The data
┏━━

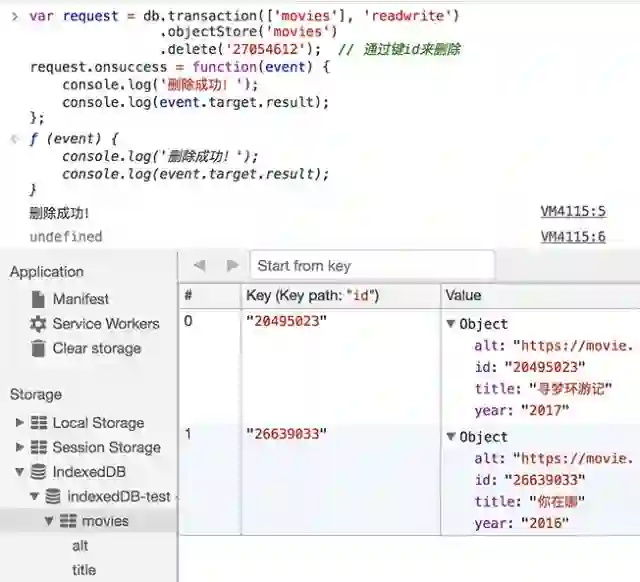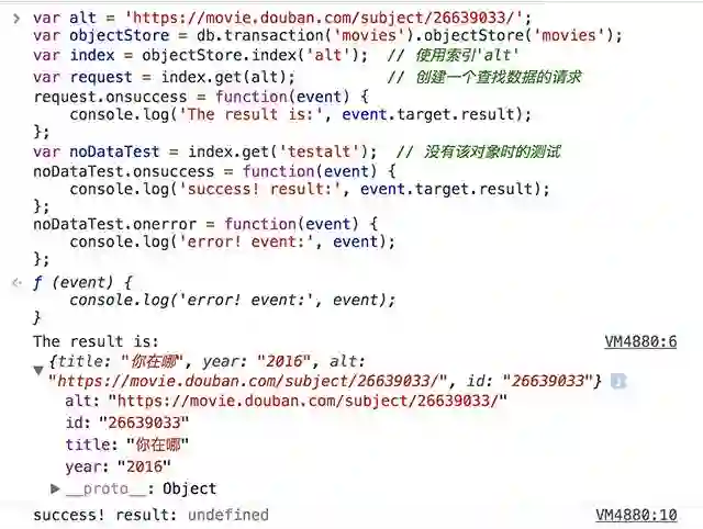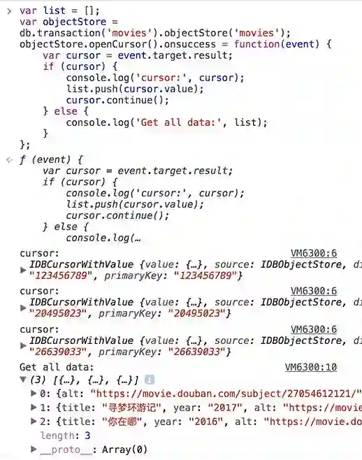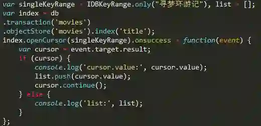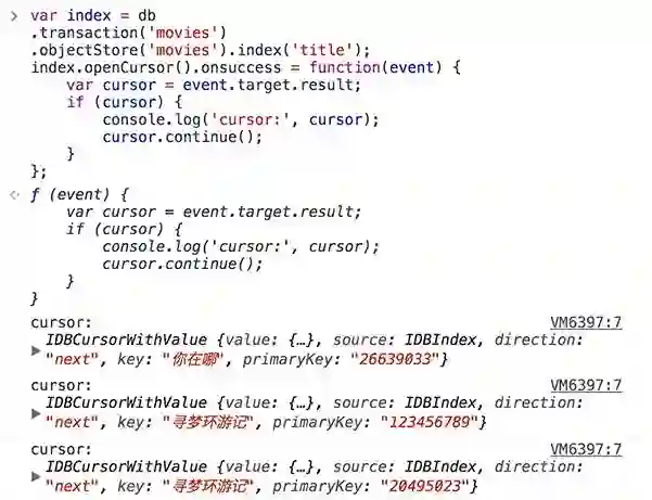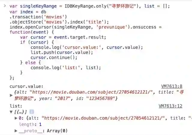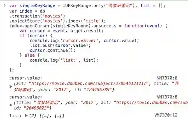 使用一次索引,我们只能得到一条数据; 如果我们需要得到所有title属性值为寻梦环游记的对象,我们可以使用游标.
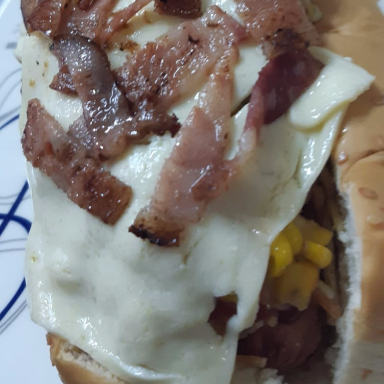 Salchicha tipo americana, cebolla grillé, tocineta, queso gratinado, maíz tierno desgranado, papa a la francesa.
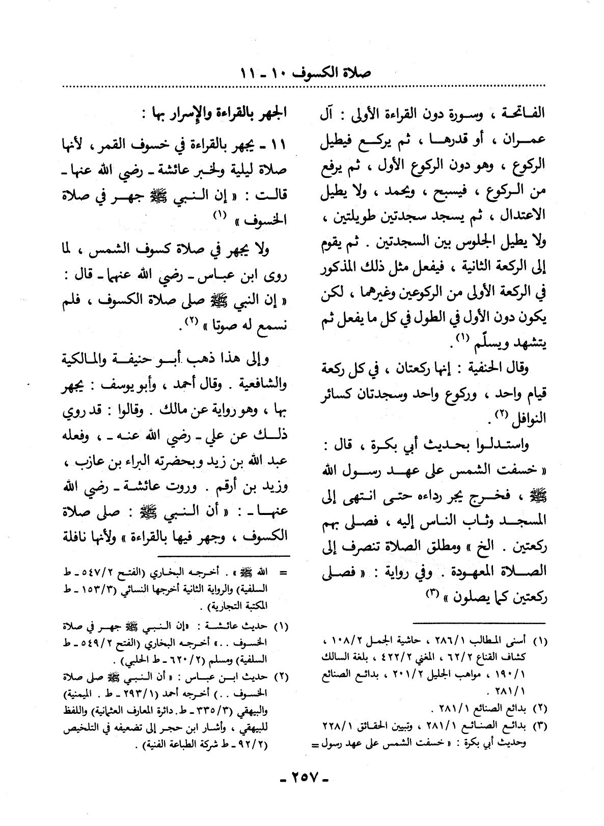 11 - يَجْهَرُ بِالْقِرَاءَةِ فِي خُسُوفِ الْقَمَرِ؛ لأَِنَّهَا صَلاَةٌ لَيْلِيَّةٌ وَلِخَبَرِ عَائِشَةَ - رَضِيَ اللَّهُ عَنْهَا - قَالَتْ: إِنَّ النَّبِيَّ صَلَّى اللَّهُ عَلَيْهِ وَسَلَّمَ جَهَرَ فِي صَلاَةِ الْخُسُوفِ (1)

┗━━

About this exercise
Give back the listing word for word, minus its images.

Task output
 使用一次索引,我们只能得到一条数据; 如果我们需要得到所有title属性值为寻梦环游记的对象,我们可以使用游标.
 Salchicha tipo americana, cebolla grillé, tocineta, queso gratinado, maíz tierno desgranado, papa a la francesa.
 11 - يَجْهَرُ بِالْقِرَاءَةِ فِي خُسُوفِ الْقَمَرِ؛ لأَِنَّهَا صَلاَةٌ لَيْلِيَّةٌ وَلِخَبَرِ عَائِشَةَ - رَضِيَ اللَّهُ عَنْهَا - قَالَتْ: إِنَّ النَّبِيَّ صَلَّى اللَّهُ عَلَيْهِ وَسَلَّمَ جَهَرَ فِي صَلاَةِ الْخُسُوفِ (1)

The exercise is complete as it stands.